Em uma das adaptações mais cínicas já feitas, a produção do Prime Video com Ice Cube transforma o clássico de H.G. Wells em um comercial de duas horas, aniquilando qualquer traço de suspense, inteligência ou dignidade.
A obra-prima de H.G. Wells, “A Guerra dos Mundos”, sobreviveu a mais de um século como uma alegoria poderosa sobre a fragilidade do império, o colonialismo e o terror existencial da humanidade diante do desconhecido. Ao longo das décadas, ganhou adaptações memoráveis que capturaram os medos de sua época, da paranoia da Guerra Fria à ansiedade pós-11 de setembro. A nova versão de 2025, uma produção da Universal lançada diretamente no Prime Video, também captura o espírito de seu tempo, mas da forma mais deprimente possível: ela identifica que o verdadeiro poder a ser temido e, aparentemente, adorado, não vem de Marte, mas sim do centro de distribuição da Amazon.
O resultado não é apenas um filme ruim; é um monumento ao cinismo, uma obra que falha em todos os fundamentos do cinema enquanto tem sucesso em sua única e verdadeira missão: ser o mais longo e descarado comercial já produzido.

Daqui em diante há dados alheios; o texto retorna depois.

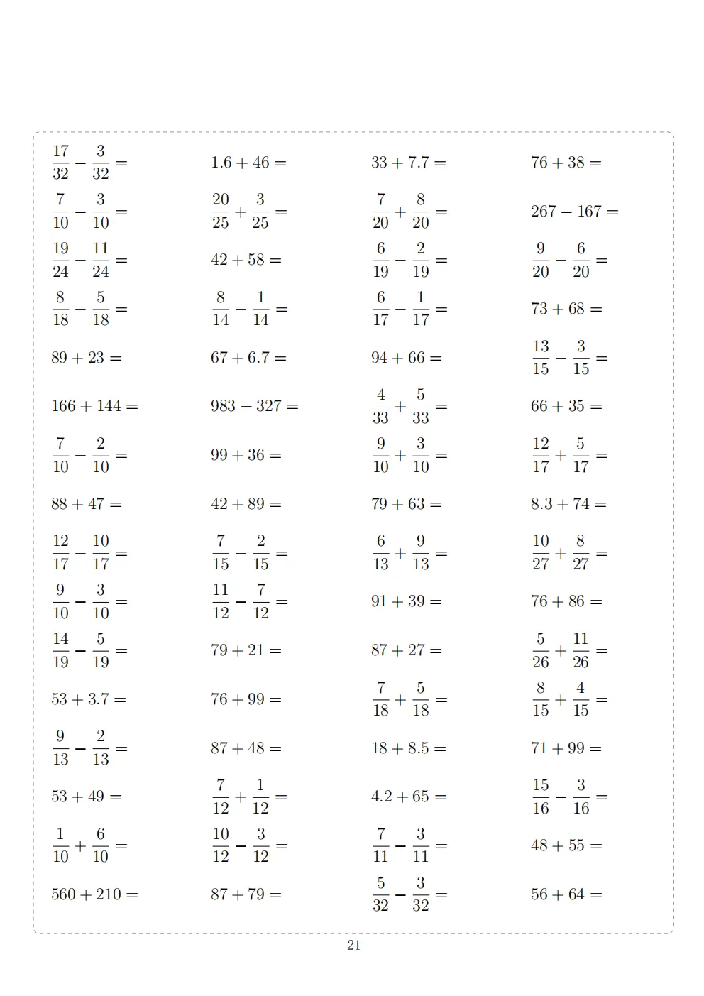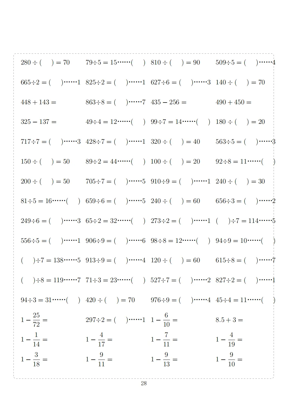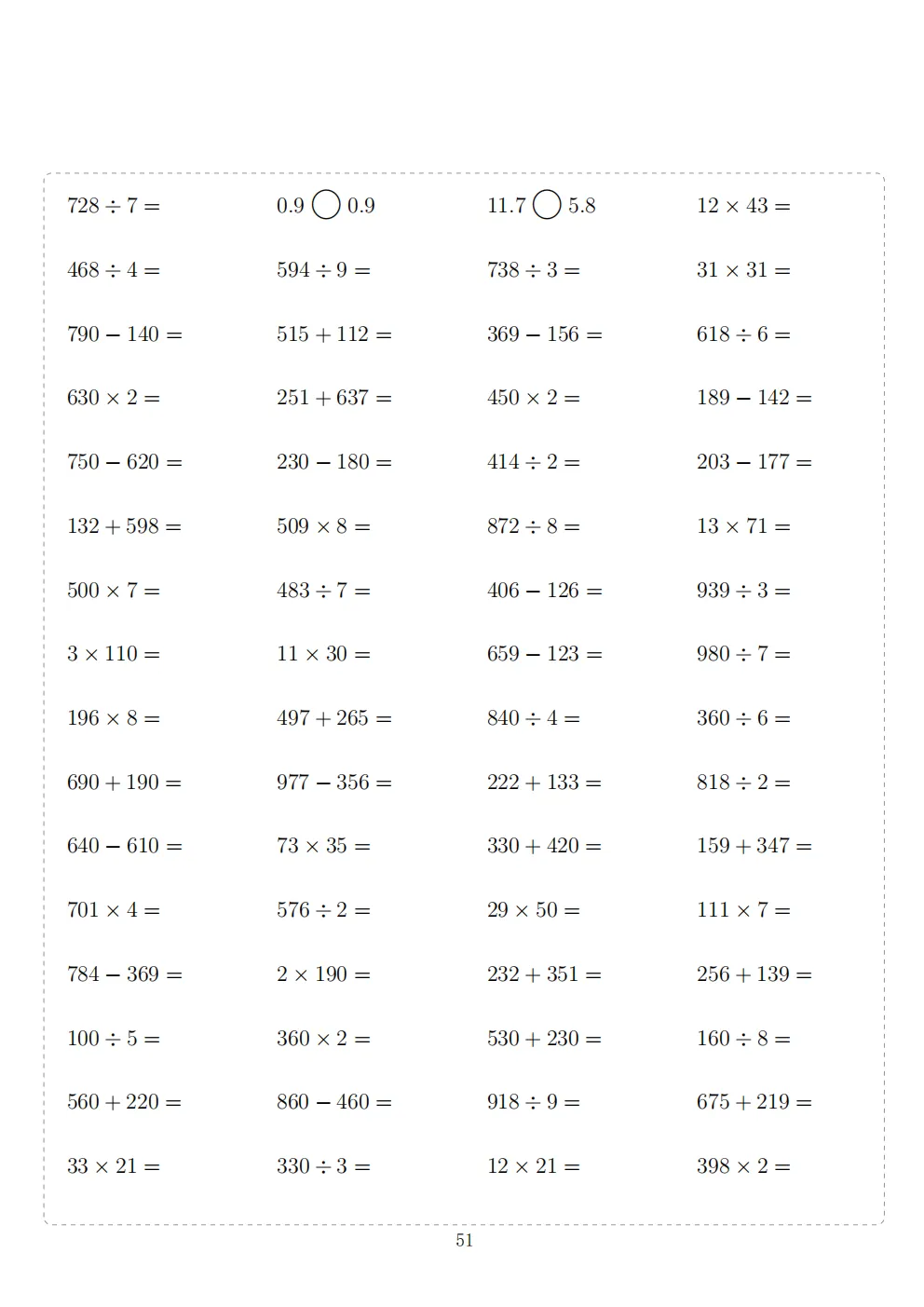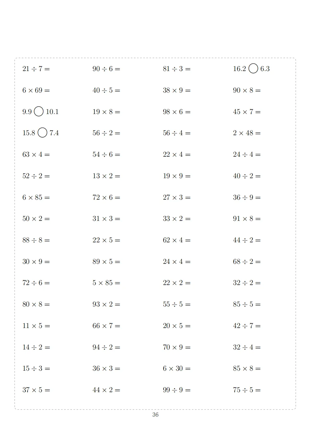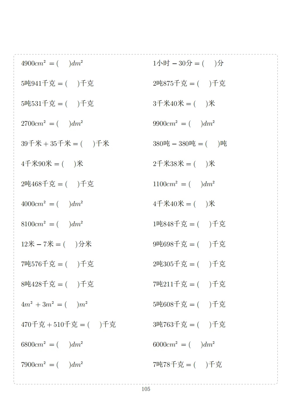三年级下册数学计算专项练习|电子版可打印
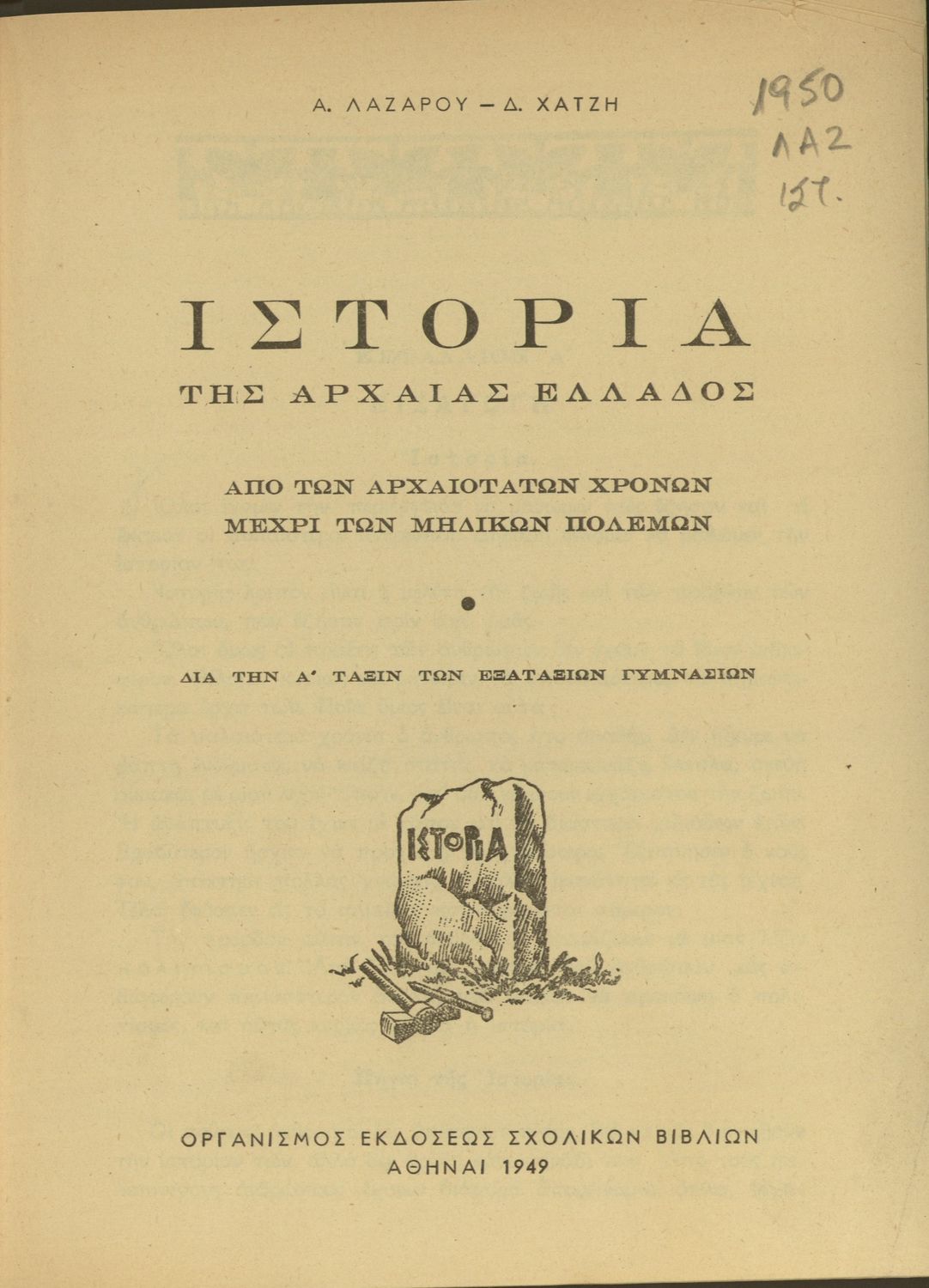 LDR 01459 2200205 4500 035 ## _a02-00950 040 ## _aΕλληνικό Λογοτεχνικό και Ιστορικό Αρχείο 041 ## _ael 100 ## _aΑ. Λαζάρου _aΔ. Χατζής 110 ## _a2-950 245 0# _aΙστορία της αρχαίας Ελλάδος από των αρχαιοτάτων χρόνων μέχρι των μηδικών πολέμων. Δια την Α΄ Τάξιν των Εξατάξιων Γυμνασίων 250 ## _a1η Έκδοση 260 ## _aΑθήνα _bΟργανισμός Εκδόσεως Διδακτικών Βιβλίων _c1949 300 ## _a252 _bΣκίτσα, εικόνες (ασπρόμαυρα) 520 ## _aΣχολικό εγχειρίδιο Ιστορίας Α΄ Γυμνασίου που καλύπτει την περίοδο από τους προϊστορικούς χρόνους ως τις μεταρρυθμίσεις του Κλεισθένη. Περιέχει και εκτενή αναφορά στην ανάπτυξη των γραμμάτων, των τεχνών και του εμπορίου. 521 ## _aΑ' Γυμνασίου 522 ## _aΕλλάδα 546 ## _aΑπλή καθαρεύουσα 563 ## _aΣκληρό Εξώφυλλο 650 #4 _aΑχαιοί _aΔημοκρατία _aΔωριείς _aΕλληνικές αποικίες _aΙωνία _aΛυκούργος _aΠεισίστρατος _aΣόλων

O Fim do Mundo, Patrocinado pela Entrega Prime
A premissa inicial tinha potencial: acompanhar uma invasão alienígena global através da perspectiva limitada de um funcionário do governo, vivido por Ice Cube, confinado às telas de seus dispositivos. O formato “screenlife”, quando bem executado (como em Buscando…), pode ser um gerador de tensão claustrofóbica. Aqui, ele é apenas uma desculpa para um desfile caótico de janelas de chat, feeds de notícias e videochamadas que se assemelham menos a um filme e mais a um dia de trabalho em home office durante o apocalipse.

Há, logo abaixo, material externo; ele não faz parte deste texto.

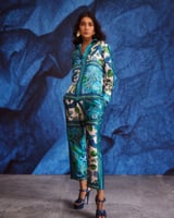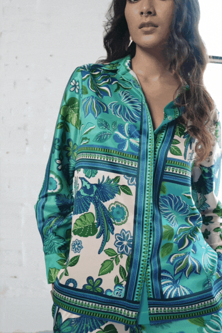 Teal Multi Tropical Placement Print Relaxed Fit Shirt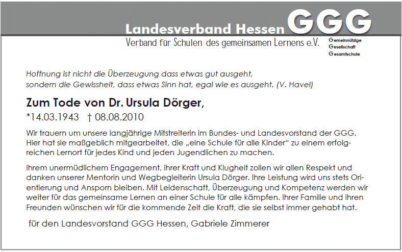 Ursula Dörger ist tot. Sie hat am Ende den Kampf gegen den Krebs verloren. Bis ganz zum Schluss, bis es nicht mehr ging, hat sie in Telefonkonferenzen, Mails und Korrespondenzen an unserem großen, gemeinsamen Ziel gearbeitet: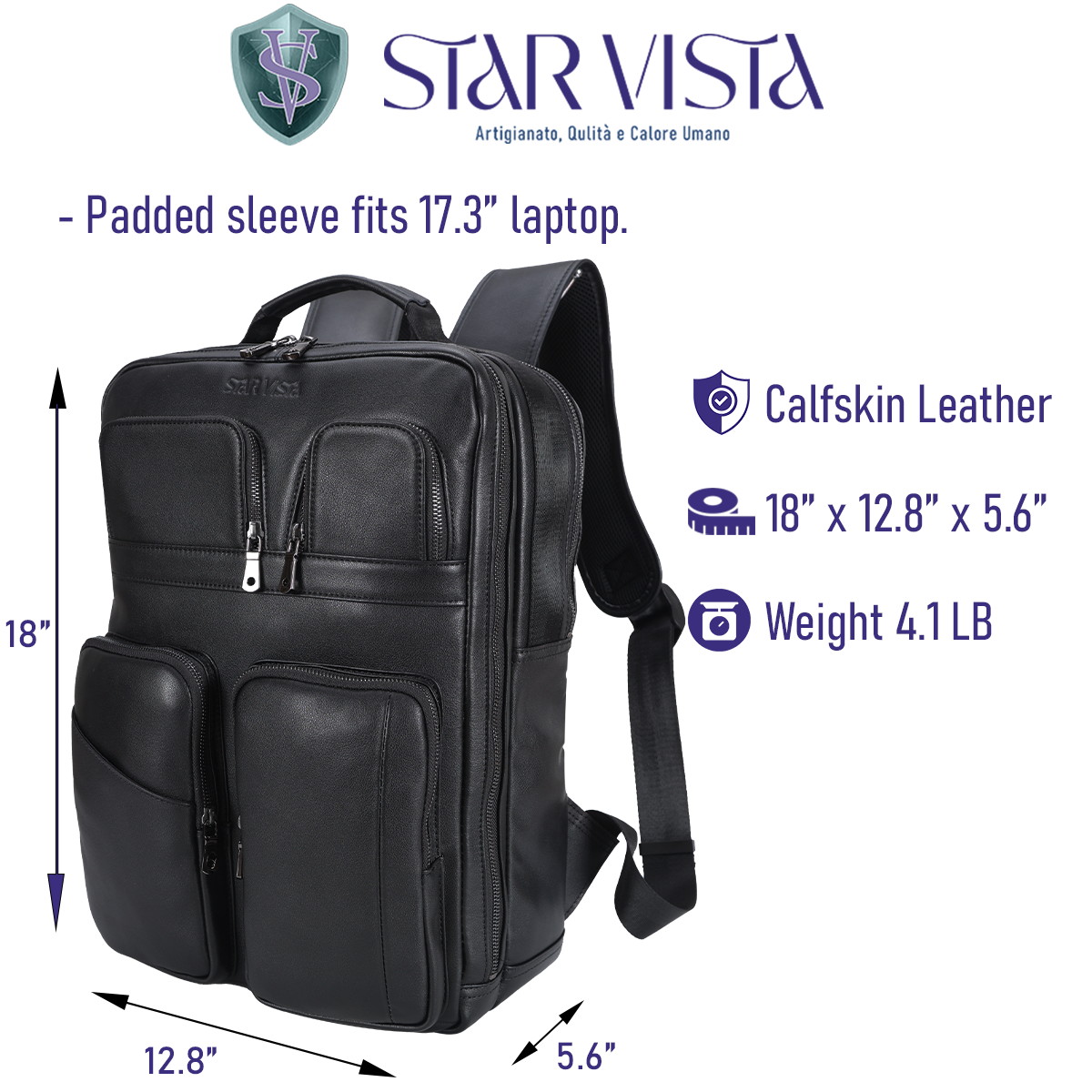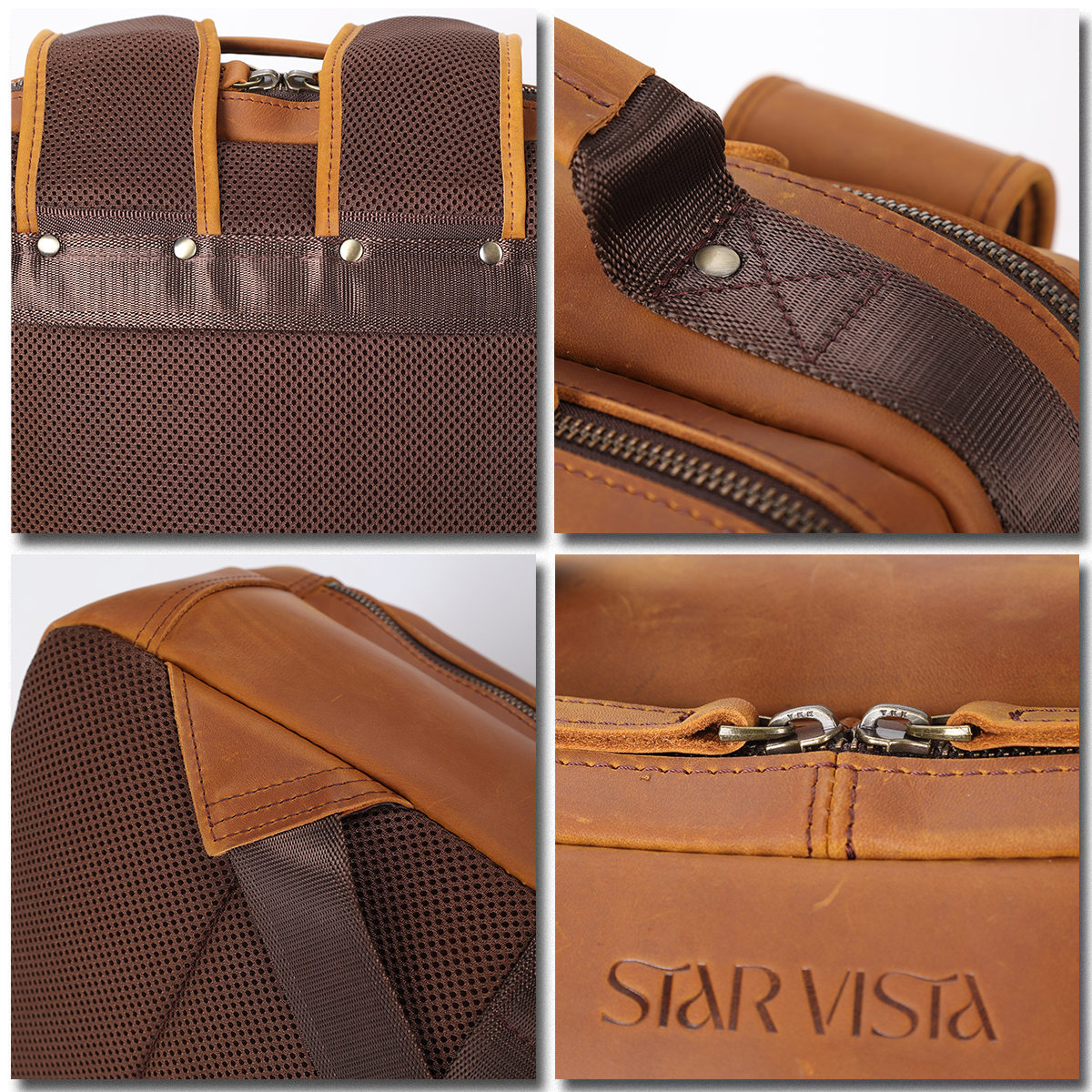 - QUALITY CONSTRUCTION -- Crafted with full grain cowhide leather sourced from premium pastures, tanned with natural plant extracts, this STAR VISTA backpack is built to last with a elegantly vintage look and feel perfect for outdoor hiking, camping, daily commute or business travel. YKK zippers along with other heavy duty hardware ensure the backpack's durability in its everyday use for many years to come.

A catástrofe artística, no entanto, se consolida quando o roteiro revela sua grande virada: a salvação da humanidade não virá da ciência, da resiliência ou de um golpe de sorte biológico, mas sim da infraestrutura de entregas da Amazon. Sim, você leu corretamente. Em um momento de clímax que insulta a inteligência do espectador, a rede logística da megacorporação se torna a arma secreta contra os invasores. É a completa subversão da mensagem de Wells, trocando a crítica ao poder imperial pela sua glorificação.

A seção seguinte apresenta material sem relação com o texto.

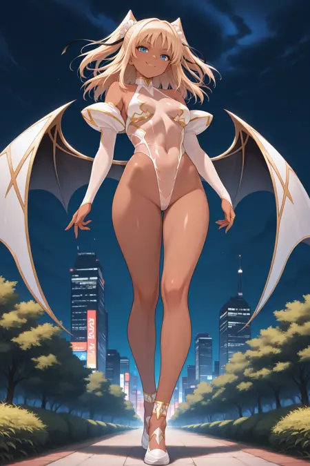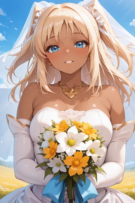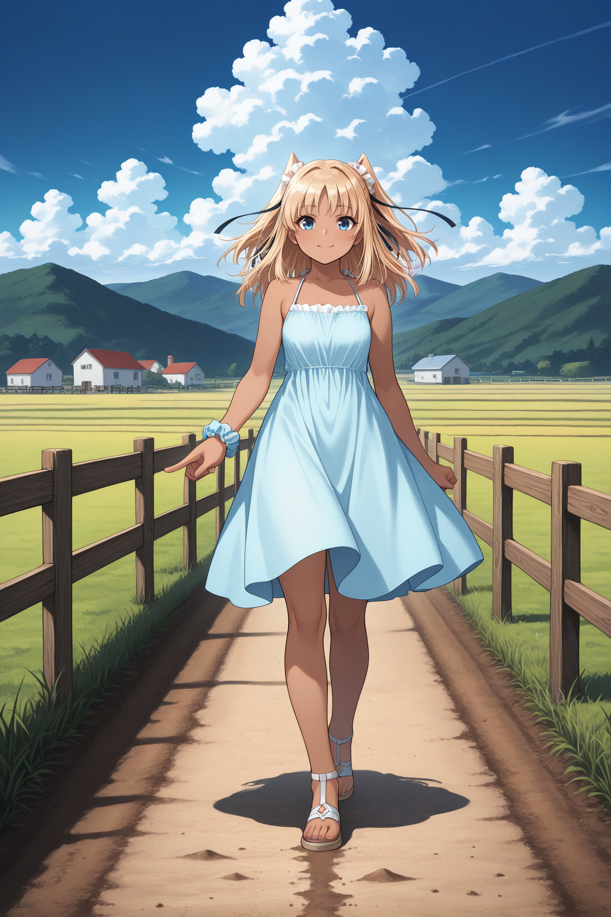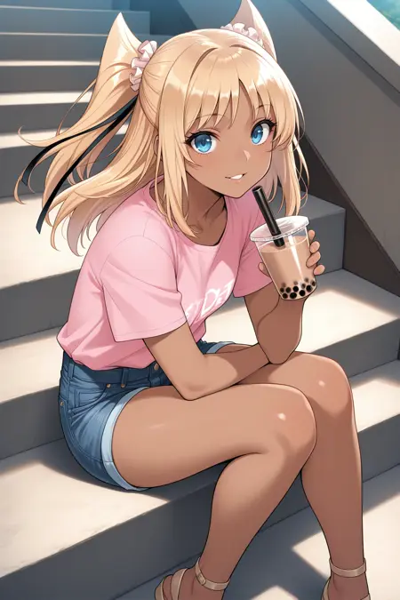 Trigger word is "ftrms" and "blonde hair, two side up, long hair, blue eyes, dark-skinned female" is required.

Um Vácuo de Emoção e Técnica
Mesmo que se ignore a propaganda descarada, o filme desmorona sob o peso de sua própria incompetência. As atuações são desconcertantemente apáticas. Ice Cube atravessa o fim do mundo com a mesma energia de quem está reclamando de um produto errado em uma live, desprovido de qualquer senso de urgência ou pânico. Eva Longoria surge em uma participação especial tão vazia e sem propósito que sua personagem parece ter percebido em qual filme estava e decidido ir embora mais cedo.
Tecnicamente, a produção é um desastre. O CGI dos tripés alienígenas possui a sofisticação de uma animação de faculdade, enquanto o design de som genérico remove todo o peso e o impacto da destruição. A direção frenética e sem foco transforma o que deveria ser um suspense intimista em um amontoado de cortes desconexos, impossibilitando qualquer tipo de conexão emocional.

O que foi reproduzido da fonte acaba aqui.